New Doctor and Med Changes

Visiting the doctor is very different from what it was a year ago. It used to be that the doctor would look at his chart, look at me, look back at the chart, shake his head and mumble before beginning the lecture of how I was shortening my life and how badly I needed to lose weight. It was always the same. Today, I had to see the doctor to get some meds refilled. Because of insurance changes I was changing doctors so this was a new one. As part of getting my medical history, it was necessary to walk her through everything that has happened over the last few years and the changes that have occurred during within the last ten months. I just love the shocked look on people’s faces when I show them the photo on my license which was taken when I was still over 400 lbs.
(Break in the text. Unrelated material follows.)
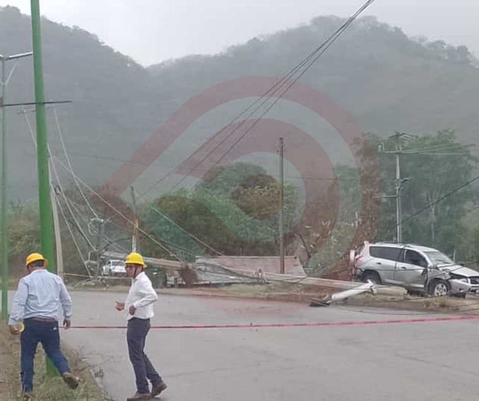 Huejutla, Hgo.- La tarde de este jueves Santo, se registró un aparatoso accidente en la vía federal México-Tampico, donde el conductor de una camioneta se salvó de morir electrocutado tras chocar, derribar un poste y líneas de alta tensión de la Comisión Federal de Electricidad (C.F.E.).

The interesting thing was when we went through the usual questions about current condition. My A1C and cholesterol are fine. I am off my C-PAP. I went off of one blood pressure medicine months ago. My testosterone shot volume has been reduced. I am lighter, healthier, and much more energetic. All these are things I’ve shared here before. I haven’t even had a gout flare in a couple months. During the conversation, the doctor asked if I have any medical complaints I needed to talk to her about. This was the first time that I had to think for quite a while to come up with something. I finally remembered the pain in my elbow from lifting, and she recommended an over-the-counter cream—I just used it and it worked wonders. There was really nothing else to discuss but the changes she was making to my final blood pressure medicine—my blood pressure had dropped lower than it should, showing I was now overmedicated.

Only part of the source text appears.